Shenyang, China — Overall average prices in North Korea have doubled since the end of last year.
Sources say that the reason behind the price rises is insufficient supplies within North Korea coupled to the effect of relatively strict crackdowns on the smuggling of goods in from China.
Rice is now reportedly 2,000 won per kilo (as of the 11th). Late last year it was between 900 and 1,000 won.
In late January, rice even reportedly reached 3,000 won in some areas. A source explained why, “There were rumors that state rice stores were empty, because even those people who are targeted for state distribution didn’t get any food in late January in some areas.” So, he went on, “Around that time, wholesalers colluded to fixed the price at 3,000 won.”

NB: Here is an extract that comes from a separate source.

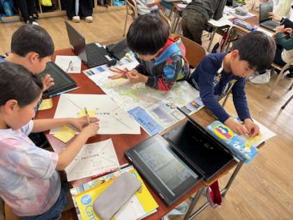 3年生は社会科で地図を調べる学習です。小学校から見てどの方角にどんなものがあるのかを探しました。地図を広げたり、タブレットPCで調べたりしました。

Thereafter, the source said, “Now, rice has dropped to around 2,000won,” explaining that, “When the price went up, the supply increased, so the price was amended again.” According to the latest research by The Daily NK, rice is now selling for 2,000 won in Pyongyang and Shinuiju, while in Nampo it is 1,900 won and 1,800 won in Hyesan..
Corn, which generally costs half as much as rice, now sells for between 1,000 and 1,200 won, which is exactly double the price at the end of last year. Pork, which sold for 3,500 won per kilo in December last year, now goes for 6,500 won.
Sugar is even worse, having tripled: late last year it was 1,700 won per kilo, but has now reached more than 5,000 won. Red chilli pepper powder has also gone up from 7,000 won per kilo to 15,000 won.
Even though the North Korean authorities emphasized improving light industrial and agricultural production in the New Year’s Common Editorial, in reality the country is experiencing serious inflation due to a lack of goods in the markets. Therefore, it seems inevitable that people’s lives will get harder.